El siguiente capítulo, y último del libro, el seis, lleva un título suficientemente explícito y significativo, "La revolución". El autor trata en él de "las inversiones de la tendencia", de "la revancha de la carne", de como "todos somos ciudadanos" y de como hemos llegado a tener "una comida para todas las estaciones". Y para acabar con la serie de títulos de los apartados del capítulo, también tienen sus comentarios "el placer, la salud, [y] la belleza". Hemos llegado ya al final del paseo, estamos ya en nuestra época, la que conocemos por nosotros mismos, o por el testimonio de nuestros padres o abuelos. Son los tiempos del vegetarianismo (o alimento pitagórico como lo llamaban) libremente aceptado, de las nuevas técnicas de conservación de alimentos (principalmente refrigeración, congelación y esterilización por calor), de la revolución de los transportes, de la deslocalización del sistema alimentario, que ha acabado con las dependencias entre alimento y territorio, e incluso con las dependencias de carácter estacional de la comida, típico de las culturas tradicionales. Ahora, nuestras relaciones con los alimentos se difuminan. Ya no sabemos de dónde vienen, ni cómo ni cuando han sido producidos. Ya casi olvidamos que la comida está relacionada con el clima y las estaciones, pero no podemos -o no debemos- ignorar que "superar las limitaciones del clima y las estaciones, independizarse de ellas, ha sido durante milenios un gran anhelo de los hombres, un importante objetivo de su organización alimentaria" (p. 159).

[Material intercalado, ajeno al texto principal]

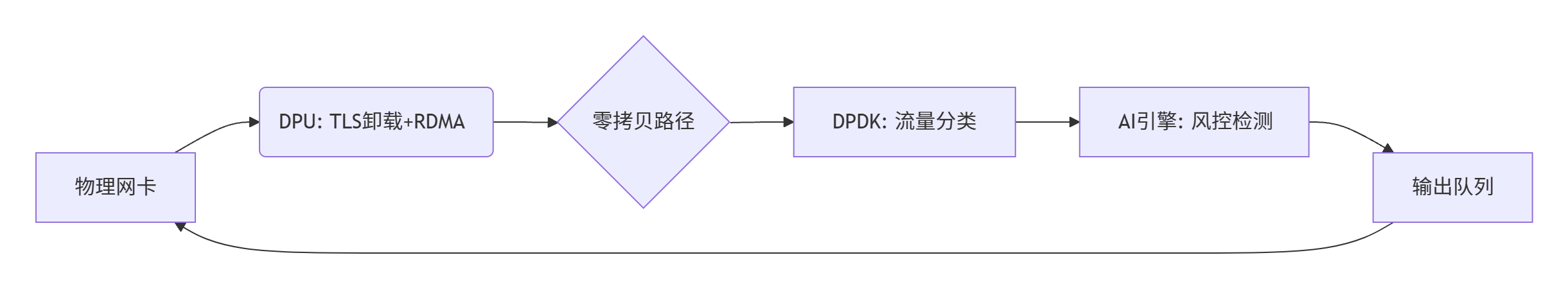 - DPU处理 → 2. PCIe传回 → 3. DPDK应用 → 4. 业务处理

Para acabar finalmente con nuestros comentarios, recordaremos las consideraciones que, en cierta manera a modo de conclusiones, hace Montanari sobre cuestiones de salud y belleza: antes ser grueso era bello, era señal inequívoca de riqueza y de bienestar alimentario y --¿porqué no?-- sanitario. Ahora, inmersos en la abundancia, los nuevos poderosos comen poco y sobre todo vegetales, posiblemente porque, como señalaba Barthes, "comer poco es el rasgo y el instrumento de la eficiencia, y por lo tanto, del poder" (p. 167). Todo ello es también una consecuencia de lo que apunta el autor (p. 166):

"El modelo alimentario y estético de la delgadez, enriquecido con los consabidos motivos de salud, se difunde ampliamente por la Europa de la primera mitad del siglo XX. [...] Es indudable que en el plano cultural la relación con la comida se ha invertido. El miedo al exceso ha reemplazado el miedo al hambre".

Y de este modo, y con estos argumentos, podríamos decir con Montanari (p. 168) que "todavía está por inventar una relación cordial y consciente con la comida. [Precisamente ahora que] la abundancia nos permitiría hacerlo con más serenidad que en el pasado.